Regarding the last point, using zimit is probably not even an option. The "killer" reason is that it is impossible to compress Youtube videos currently. Or at least without significant investment in warc2zim, but this has even already been discussed as a nogo, we do not want to begin to alter things in warc2zim more than necessary for HTML/JS to work.

There are also some significant issues which have been discovered in the first try (see dropped issues in project), not speaking about custom CSS and behaviors needed to make everything in place.

The balance would probably have been quite even without the first "killer" reason, but here it is!

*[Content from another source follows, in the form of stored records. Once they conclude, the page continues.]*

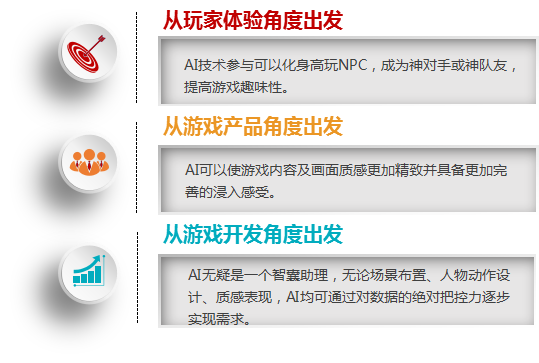 基于整个AI技术发展史都嵌入到游戏发展史中,游戏可以说是AI的原配。 优质游戏培养高智能AI,完美的AI技术回归游戏本身,推动产业发展。 人工智能与游戏相互促进、共同发展,形成良性循环。 “AI+游戏”的结合堪称绝配。 人工智能时代,游戏无处不在,智能将无处不在。
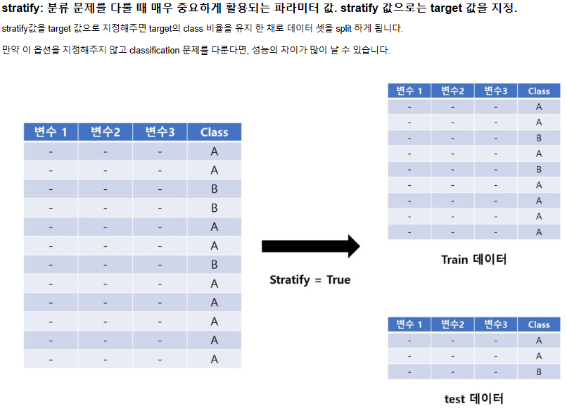 split함수에 data 입력 순서는 data -> target 순이다. (코드 참조)
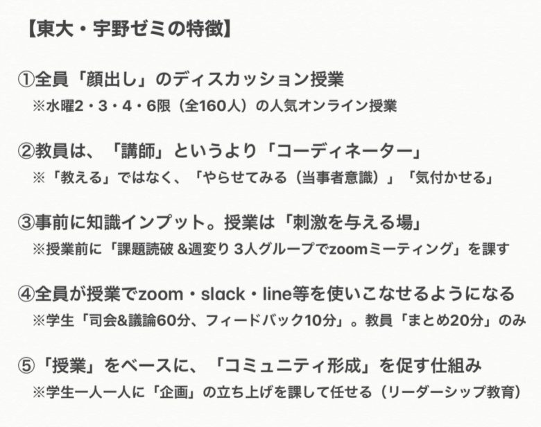 自分の考え方が変わったのは授業によってじゃないんだよ。極論を言うと、本質的に授業は東大と変わらない。
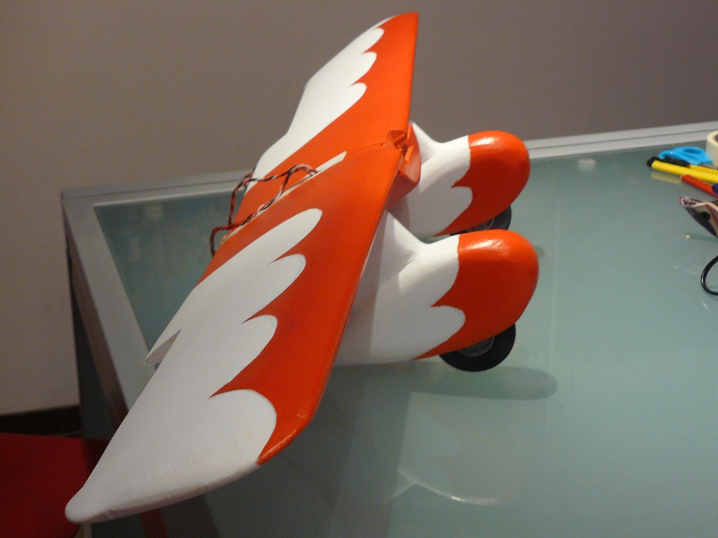 Appena ho montato tutto mi sono reso conto che la carena motore era venuta con una sfumatura diversa di rosso. Quindi ho carteggiato tutto, dato il fondo bianco e ridato il rosso. Gli acrilici sono molto trasparenti e quindi avere o non avere un fondo chiaro fa la differenza sul risultato finale. Ho fatto i filetti neri che dividono il bianco dal rosso con il pennello, il risultato è stato un po' impreciso. Come era da aspettarsi del resto. Avrei dovuto proseguire sulla strada delle mascherature, ma con il problema del nastro che non attaccava e il poco tempo ho dovuto comunque procedere. Ho stampato tutte le decals su carta, le ho incollate con vinavil e finito tutto con una mano di trasparente. Quindi il modello è finito e pronto al volo. Unica vera pecca è il peso. Non sono riuscito a stare sul chilo Il peso in ordine di volo è 1260gr Spero che non sia troppo e che non renda il volo troppo impegnativo |
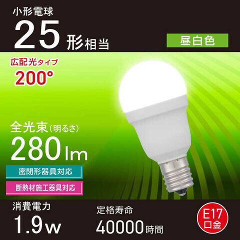 オーム電機 LED電球小形 [E17 /一般電球形 /25W相当 /昼白色 /1個 /広配光タイプ] LDA2N-G-E17 IS53
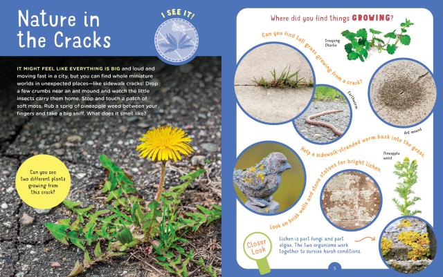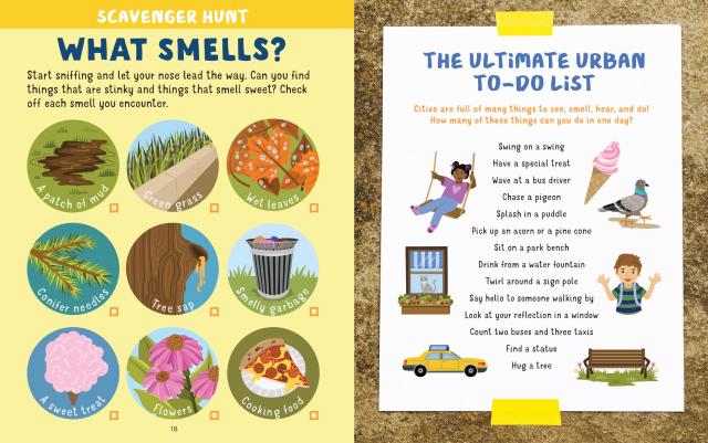 Discover hidden signs of nature in the city with this fun, interactive nature activity book for kids aged 4 to 8. Search and find birds, wildflowers, leaves, trees, squirrels, and more in urban areas, from green parks to apartment rooftops to parking lots.
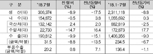 산업부 관계자는 8월의 경우 파업 등 큰 변수가 없는 한 현대차 등 주요 완성차 기업들의 생산 계획상 전년 동월 수준 이상일 것으로 전망했다
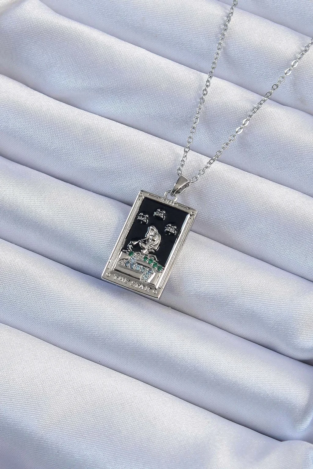 316L Çelik Zincir Gümüş Renk Zirkon Taşlı Siyah Mineli Kız Figürlü Tarot Kolye
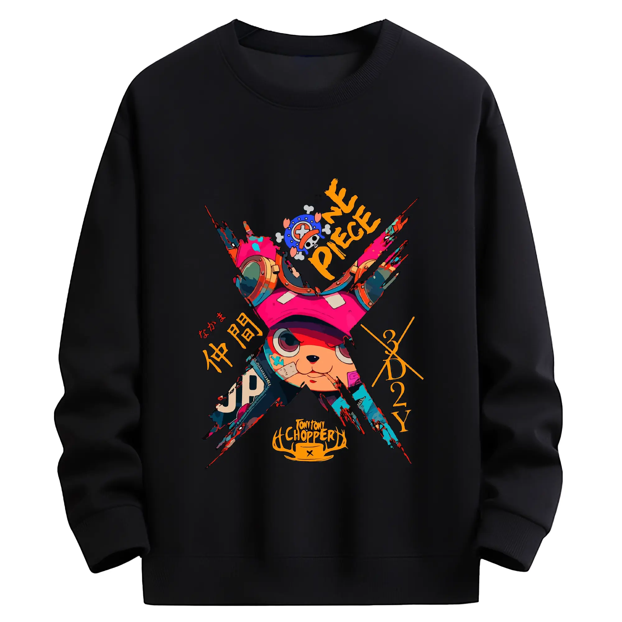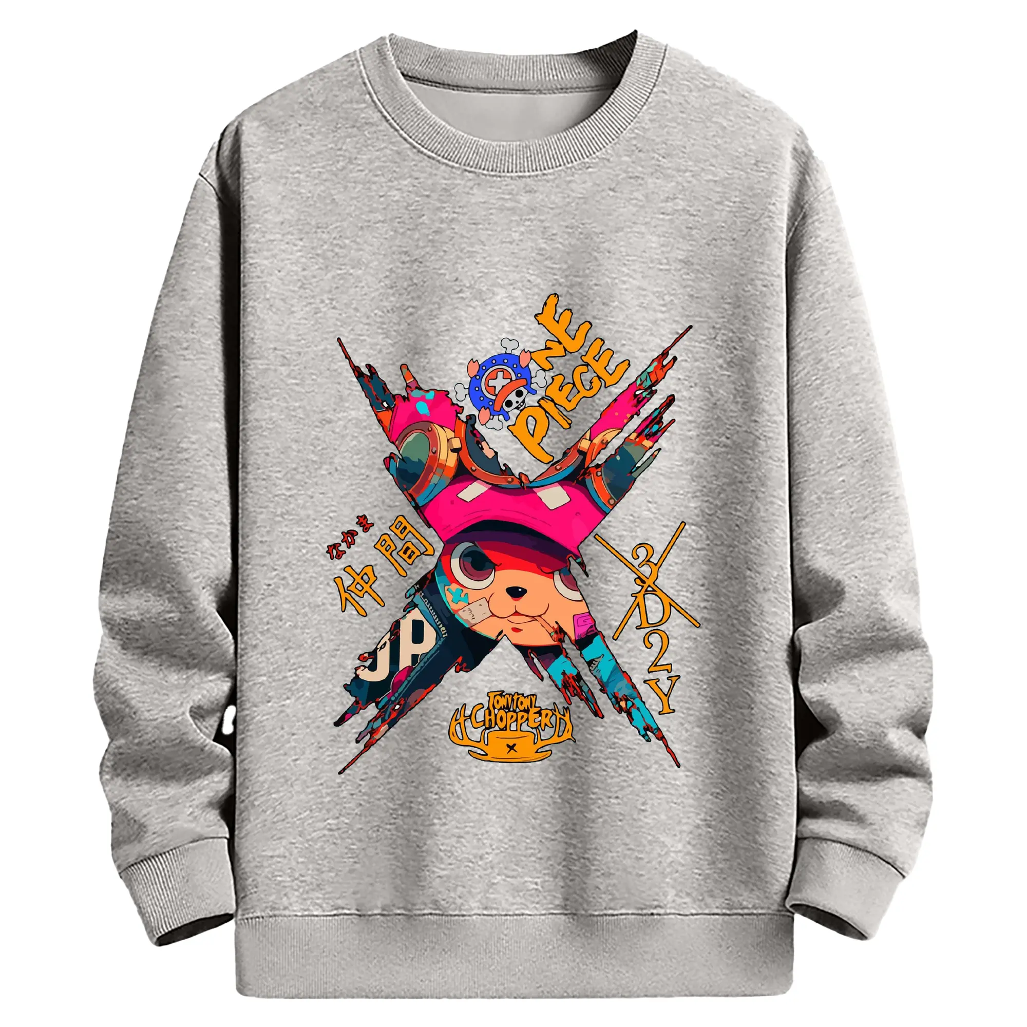 ワンピース モンキー・D・ルフィ - 高品質 クルーネック スウェット ・ コットン59% ポリエステル41% ・ ユニセックス 長袖 トレーナー ・ カジュアル デイリー スポーツ 散歩用
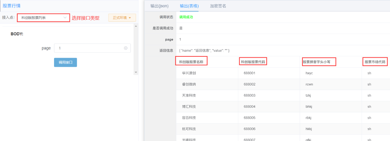 功能:此接入点可以返回科创版股票信息,包括股票名称、股票代码等,每页固定返回40条数据,每日更新数据。
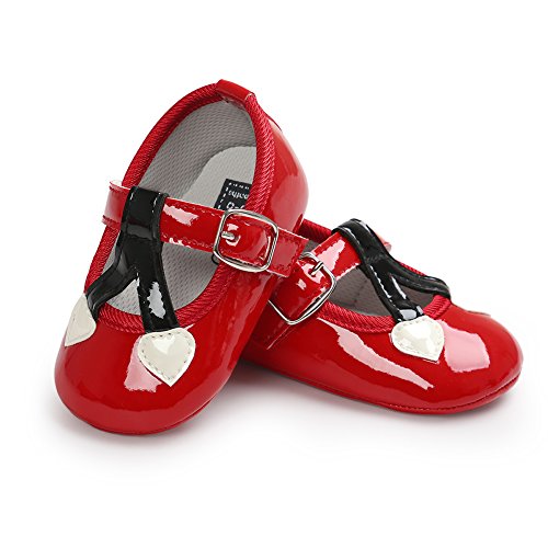 PUERI ファーストシューズ ベビーシューズ 柔らかい 歩行練習用 滑り止め 女の子 可愛い (S, レッド)
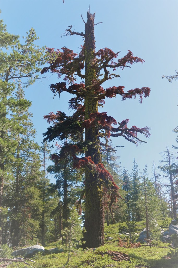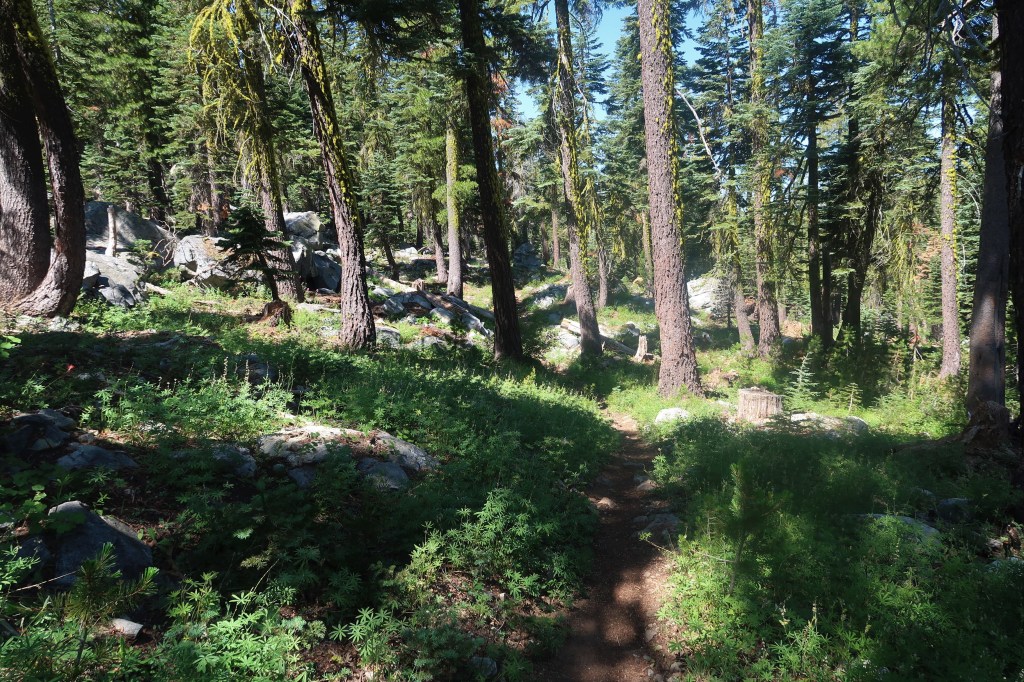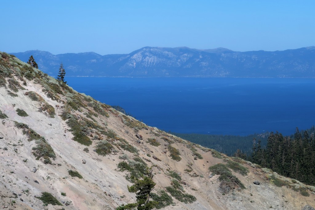 Es ging weiter durch noch mehr Wald. Und durch Meere aus Wildblumen, die wie verrückt blühten. Insekten flogen eifrig umher und saugten den Nektar aus den bunt leuchtenden Pflanzen. Unzählige Schmetterlinge, mindestens vier unterschiedliche Arten konnte ich ausmachen, beteiligten sich an dem Spektakel. Gegen Abend klärte sich mein Blick für eine kurze Zeit. Ich konnte in der Ferne den Lake Tahoe sehen. Eine Monstrosität von einem See. Fast wie die Ausläufer eines Meeres, oder wie ein norwegischer Fjord, lag er stahlblau dort unten und schlummerte.
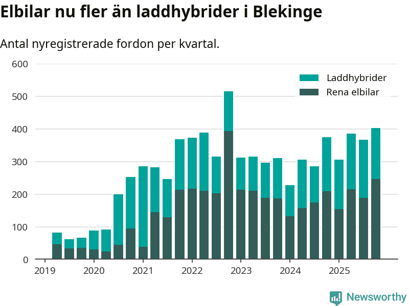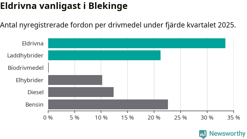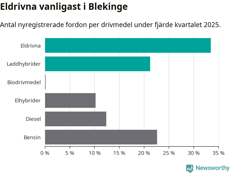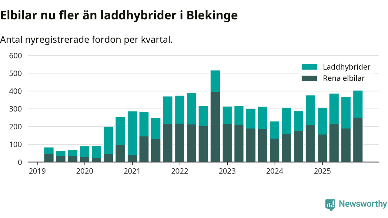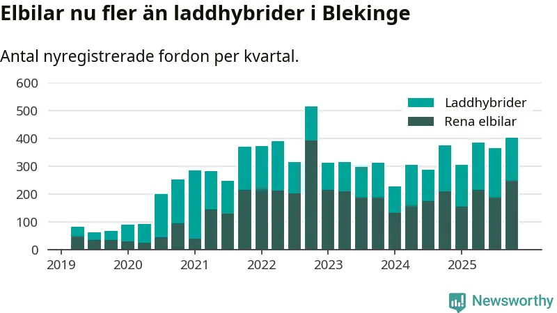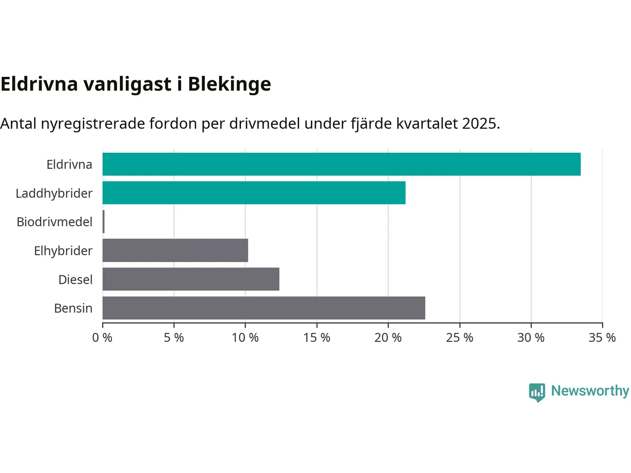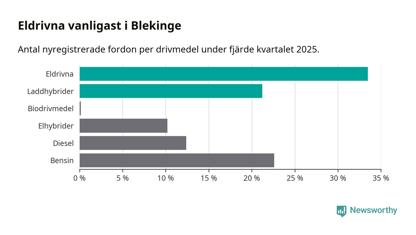 Under fjärde kvartalet 2025 var 55 procent av alla nyregistrerade personbilar i Blekinge laddbara (sammanlagt registrerades 735 nya bilar). Merparten av de laddbara bilarna var rena elbilar (33 procent av alla).
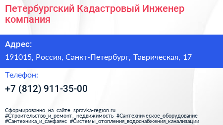 Петербургский Кадастровый Инженер, компания по адресу 191015, Россия, Санкт-Петербург, Таврическая, 17 в дальнейшем Организация, размещена в следующих категориях:
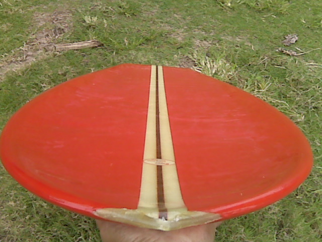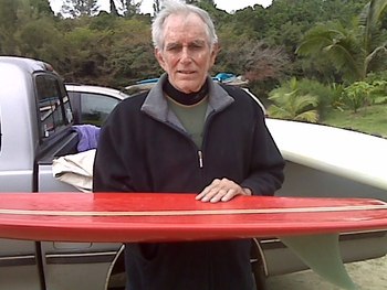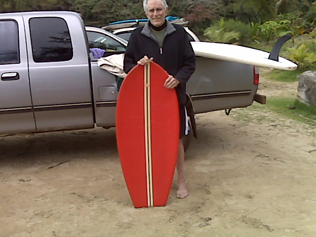 San Luis Obispo -- the Morro Bay area.6. What sort of waves were these boards made for? Was it a kneeboard or to be ridden prone? Hollow waves. Good waves. You could ride them either way.7. How many do you reckon that you made? Over the years a dozen. But that’s over the years. When I was a kid we made all sorts of stuff.8. Were they the ply paipos? We made plywood ones. In the late 1950s we probably made a couple of foam ones. I can remember a couple. We always made our own boards, most of the time anyway.9. Do you see much difference in the design principles for bellyboards and stand-up boards? They’re just stretched out. That’s all there is to it. Stretching it out.10. I heard you won a contest on a 4’6” board in 1970, at Honalua Bay. No, it was 5’10".11. How short did you get down to? As short as 5’5”. But that was someone else’s board. That was getting too small. We tried t keep it as close to eyeball height. We were riding really small boards then.12. What influenced you then – there were guys riding stand-up paipo back then? Oh, I don’t know. This was the late 1960s. We just started making smaller boards so we could ride places no one else would ride. That’s pretty much how it happened. Then they got crowded. There were no cords, no nothing, so we were able to ride waves nobody else wanted to ride. Hollower waves that the bigger, longer boards didn’t work in. A couple of guys were riding knee boards that could go fast enough.13. Did you experiment much with bellyboard design? Not too much. Not really much.14. I gather you experimented with stand-up boards. What was the most radical board that you made? Oh yeah. There were lots of kinds of strange ones that people would think were weird. Some were weirder than others. Some ideas worked better than others, too. But I don’t know what would be the most ridiculous. There was some pretty ridiculous stuff. Hours and hours of work for five minutes of finding out that you were totally wrong. That’s not an unusual occurrence. I have done some boards that were designed to reduce wetted surface area drag. They are very fast but hard to make.15. Did you ride bellyboards much when you got older? No, not too much. Just stand-up.16. When attracted you to bellyboards when you were younger? The Makaha shorebreak. It was a lot of fun. You could have a lot of fun with it. They’re really easy to play with. In those days you could make them out of anything. We made a lot of ply ones. It’s a good water toy for kids. God they’re wonderful, that’s why the boogie board is so popular.17. Some guys rode them in serious waves, like Sean Ross at Pipeline and John Galera at Jockos. Oh yeah. I'vr seen that. I love it.18. I’ve read on the SurferMag Forum about the board that was returned to you, 44 or 45 years later? Yeah, that’s right.19. What’s the story behind that? I made it for a friend of mine in college when I had a surfboard shop and was going to school. He had it, then he gave it to his son. His son moved to Maui and he found out I was still here. Then he moved to Australia – somewhere in Queensland right now. He’s quite a water guy.20. What was his name? Justin Bullock. He’s quite a character. He’s done some movie work. Give him my love if you see him. His father and I were close friends in college and we surfed together. I made him that board. Justin had the board on Maui and brought it over and gave it to me. He was giving all his boards away. He couldn’t afford to send them to Australia. He had a bunch of happy Hawaiians in his backyard for a while. He had a pile of really nice boards. He got in touch with me and gave it back. It looked almost as good as the day as it was made. It was beautiful.21. What was it like getting that board back after all those years? It blew my mind. Amazing. I did some pretty good work back then. It is all 10 oz. cloth man and you don’t see that much anymore. The resin was hard as a rock. They took good care of it. I was absolutely amazed.22. Have you used it? No. I have a grandson who might use it.23. Was it made to be ridden on you knees or prone? Either way. If you were to ride it on your knees you had to get into a really teeny ball. It’s really short and it was kinda cool. I rode it 4 or 5 times. But it was in California and the water was cold. Who likes that?24. What was cool about it? What did you enjoy about the board? It was fun, it’s just a fun board. It was fast, pretty fast. A square tail. I’d make it a little different now. That was a long time ago.25. How would you make it different now? I’d make the rails sharper, still like that. If the rails were sharper you’d get more release, that would be nice, a bit more punch out of it. The rails were a little too rounded for me. I like them squarer thank you. Not square, but I want the water to go away.26. Do you have any other comments? If you surf don’t stop. That was a Miki Dora or somebody like that. Go surfing every chance that you can. Enjoy it. When you can’t you’ll be bummed. Appreciate it. Please, and be nice, that’s always good.
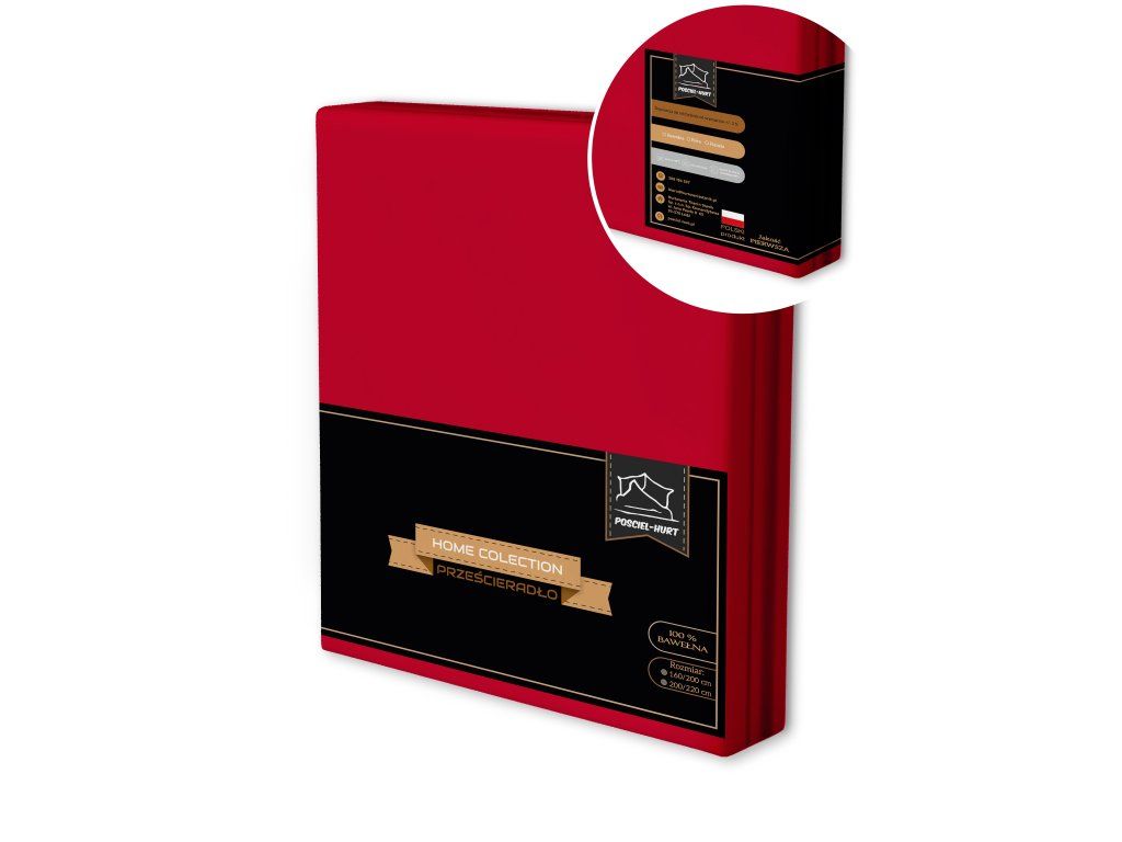 Tradičná plachta 160x200CM bez gumy 100% BAVLNA - červená
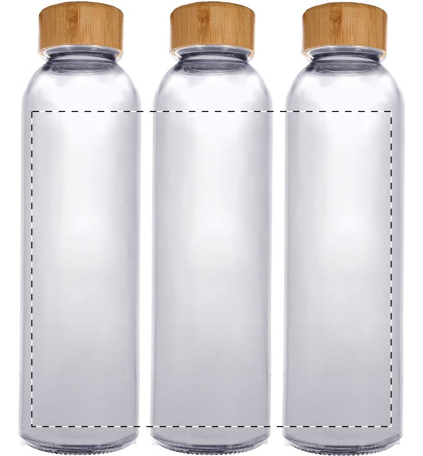 Borraccia in vetro 500 ml. con tappo in bambù e copertura in feltro RPET personalizzabile con grafica stampata a colori ed etichetta RPET. Il costo comprende la stampa in sublimazione. MOQ: 50 pezzi. Non adatta per l'utilizzo con bevande gassate.
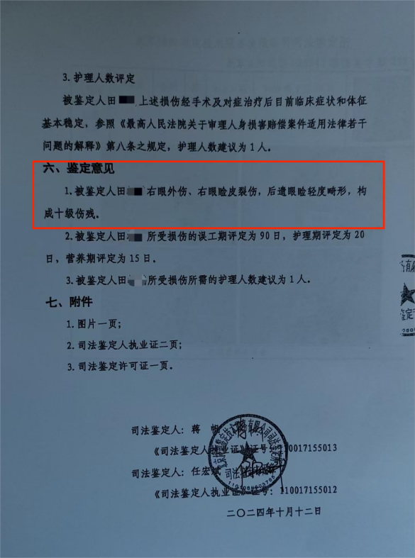 田某因遇袭眼部遗留外伤损伤且构成十级伤残,身心受创至今未愈。其与家长一心只求公道:希望相关部门彻查鉴定争议,追究违规鉴定责任;盼二审法院能支持合理赔偿诉求,弥补孩子身心伤害;北京市第一中级人民法院能支持合理诉讼,更渴望学校与教育局正面回应诉求,对施暴者作出应有处理,给孩子一个公平的就学环境,让这场风波能有公正结果。

ATM, I hence consider that using kolibri scraper is the way to move this forward and I've already found how to fix most obvious issues to make something run end-to-end and create a very first draft ZIM. Only need to assemble it in meaningful PRs ready to review ^^

And of course, there are still a bunch of issues to solve at kolibri v2 level.

@benoit74
Copy link
Contributor

After investigating a bit more into librechef and kolibri, I now consider this strategy is also not the optimal one.

librechef imposes a set of constraints (e.g. navigation by topic, no description longer than 200 chars on topics, ...) which are going to be painful.

librechef is hard to debug, for instance fixing a UI bug only present in HTML is requiring to rerun the whole process of crawling the website, pushing to the Studio, creating the ZIM

Using librechef also poses problems in term of deployment: we have no idea how to run this in production or at least we know it is going to be a "trick" (see kiwix/operations#262)

Another concern is that librechef is based on ricecooker which seems to be barely maintained (e.g. it still depends on Python 3.10 while we already have 3.11 since 2 years, and 3.12 since 1 year)

All this could have made sense if we knew that we were going to have more and more kolibri channels to ZIM, but it does not looks like it is going to happen in the coming months.

So I now consider we have to serisouly consider creating a new scraper libretext because this is going to be the cheapest solution in term of initial creation AND in terms of maintenance. Not speaking about the fact that it will reduce our dependency to a partner (should Kolibri Studio stop working, librechef would become a problem as well).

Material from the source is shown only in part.